Understanding why memory alignment is needed from the hardware perspective
by yaobin.wen
To understand why memory alignment can make the operation faster in the first place, we need to understand how the hardware is implemented.
The memory
The smallest unit of information storage in the memory is one bit, i.e., a value of 0 or 1. On the hardware level, an S-R latch is the hardware that’s used to store one bit of information.
The smallest addressable unit in the memory is one byte, i.e., an array of 8 bits. Every byte is assigned with an address. To read/write a byte, the CPU must specify the corresponding address of that byte and read/write it as a whole. In other words, a byte is also the smallest readable/writable unit of information.
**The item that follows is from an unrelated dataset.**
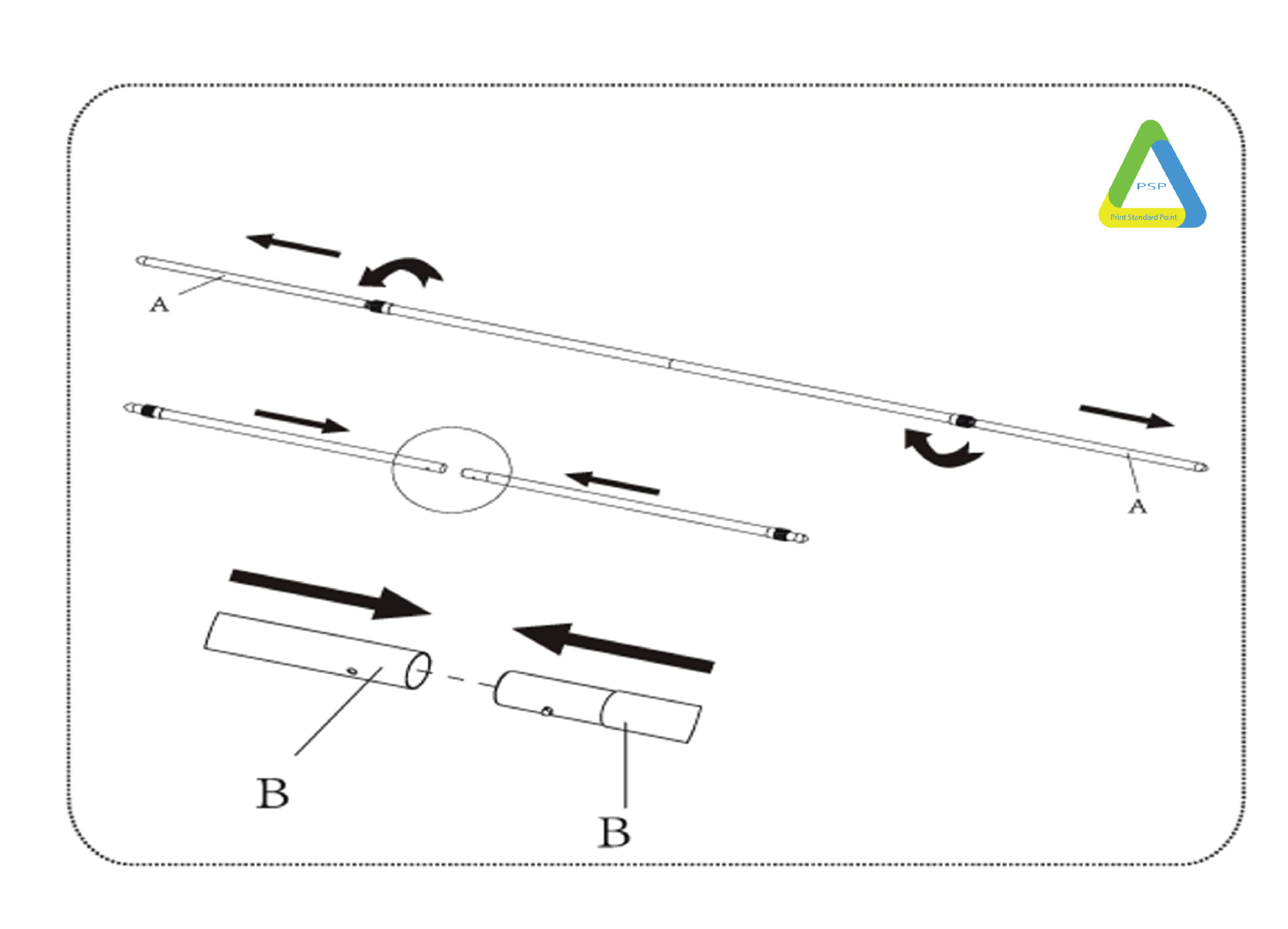Step 1: Connect the two poles labeled #A-B by joining the B-B ends. Repeat with bottom poles #C-D. Extend telescopic ends A.

On the hardware level, eight S-R latches are put together to implement one byte of storage.
System buses
On the motherboard, CPU and memory are separate pieces of hardware. They are connected via the system buses that consist of three buses:
- The address bus that carries the address of the byte(s) to be read/written.
- The data bus that carries the bytes that are read/written.
- The control bus that carries the command about what operation (e.g., read/write) to perform on the memory.
Every bus is just a group of wires. Each wires has two states, 0 or 1, that represents one bit of information. The width of a bus is the number of wires that that bus contains. Width matters. For example:
- An address bus of width 33 (i.e., contains 33 wires) can represent \(2^{33} \div 8\) different addresses (“\(\div 8\)” is needed because only a byte, or 8 bits, has an address), or 8 GB.
- A data bus of width 32 (i.e., contains 32 wires) can carry 32 bits, or 4 bytes, of data in one sitting. Therefore, its data transfer efficiency is twice as much as a data bus of width 16.
Therefore, for the CPU and the memory to exchange data, they both must be wired to the system buses:
- The address bus is used to specify which part of the memory is to be accessed.
- The data bus is used to carry the data to be exchanged.
- The control bus is used to specify the operation to be performed, e.g., read/write.
Wiring
Let’s use a data bus of width 16 as the example for discussion.
When the memory is wired to the data bus, they are wired this way:
From the diagram, we can see that data bus can transfer the data in the byte 0 and the byte 1 together, and the data in the byte 2 and the byte 3 together. The byte 2 and the byte 3 cannot be transferred together, because the byte 2 is wired to the wires 8 ~ 15 on the data bus, while the byte 3 is wired to the wires 0 ~ 7 on the data bus. The order they should be accessible (i.e., byte 2 followed by byte 3) is opposite to the order they are wired to the data bus (i.e., byte 3 is wired to the lower 8 wires while byte 2 is wired to the higher 8 wires).
As a result, if the CPU needs to get byte 1 and byte 2 as a pair, it needs to fetch them in two cycles:
- In the first cycle, the CPU fetches byte 0 and byte 1 because they can be fetched together. Then the CPU discards byte 0.
- In the second cycle, the CPU fetches byte 2 and byte 3 because they can be fetched together. Then the CPU discards byte 3.
- Then the CPU combines byte 1 and byte 2 as the result.
This is the reason on the hardware level that memory alignment is recommended: if you make sure the data you want to access is at the address of 0, 2, 4, etc., the data can be accessed in fewer cycles than the misaligned data.
Tags: Tech - Hardware